_DATA SECTION_
%%

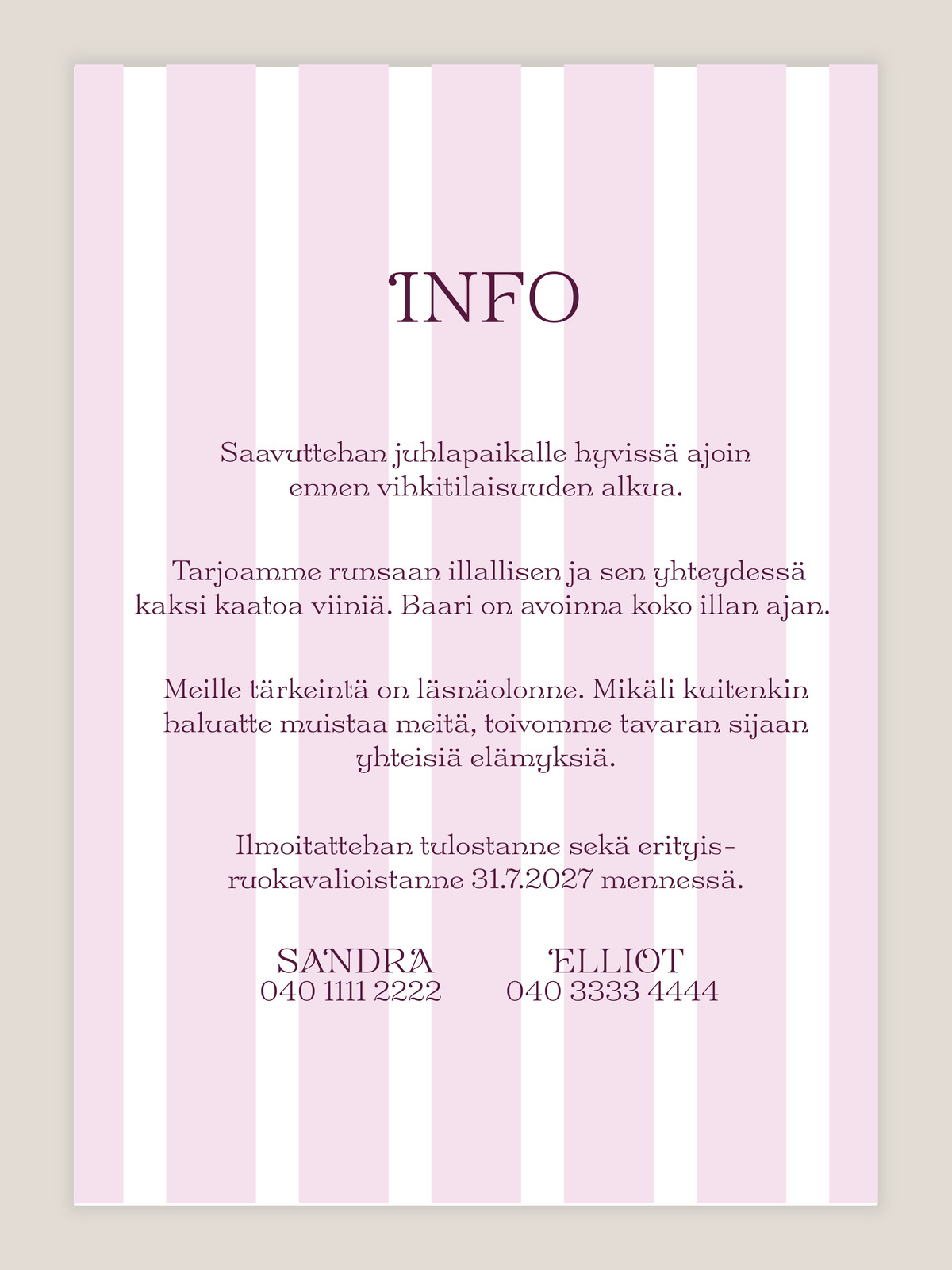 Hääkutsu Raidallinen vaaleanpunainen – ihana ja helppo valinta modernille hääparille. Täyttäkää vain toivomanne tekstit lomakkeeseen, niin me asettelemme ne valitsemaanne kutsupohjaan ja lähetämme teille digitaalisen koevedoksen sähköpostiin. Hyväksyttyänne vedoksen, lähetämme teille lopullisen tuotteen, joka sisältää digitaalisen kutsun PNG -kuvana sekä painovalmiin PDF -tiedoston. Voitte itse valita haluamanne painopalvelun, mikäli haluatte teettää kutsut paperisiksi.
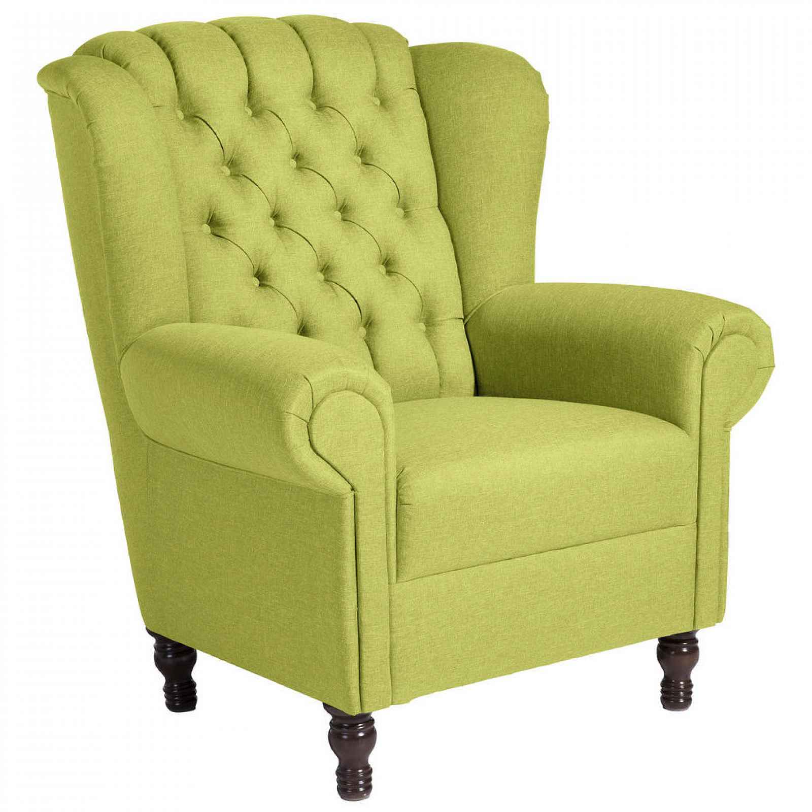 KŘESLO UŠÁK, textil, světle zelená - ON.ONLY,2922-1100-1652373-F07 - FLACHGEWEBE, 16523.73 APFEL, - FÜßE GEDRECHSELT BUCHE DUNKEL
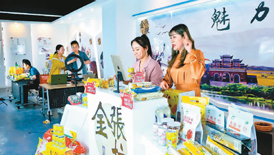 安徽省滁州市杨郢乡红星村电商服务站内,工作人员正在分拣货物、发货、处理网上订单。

%%

_TRY IT_
Write the material above out again exactly. Omit every image.

_EXPECTED ANSWER_
 Hääkutsu Raidallinen vaaleanpunainen – ihana ja helppo valinta modernille hääparille. Täyttäkää vain toivomanne tekstit lomakkeeseen, niin me asettelemme ne valitsemaanne kutsupohjaan ja lähetämme teille digitaalisen koevedoksen sähköpostiin. Hyväksyttyänne vedoksen, lähetämme teille lopullisen tuotteen, joka sisältää digitaalisen kutsun PNG -kuvana sekä painovalmiin PDF -tiedoston. Voitte itse valita haluamanne painopalvelun, mikäli haluatte teettää kutsut paperisiksi.
 KŘESLO UŠÁK, textil, světle zelená - ON.ONLY,2922-1100-1652373-F07 - FLACHGEWEBE, 16523.73 APFEL, - FÜßE GEDRECHSELT BUCHE DUNKEL
 安徽省滁州市杨郢乡红星村电商服务站内,工作人员正在分拣货物、发货、处理网上订单。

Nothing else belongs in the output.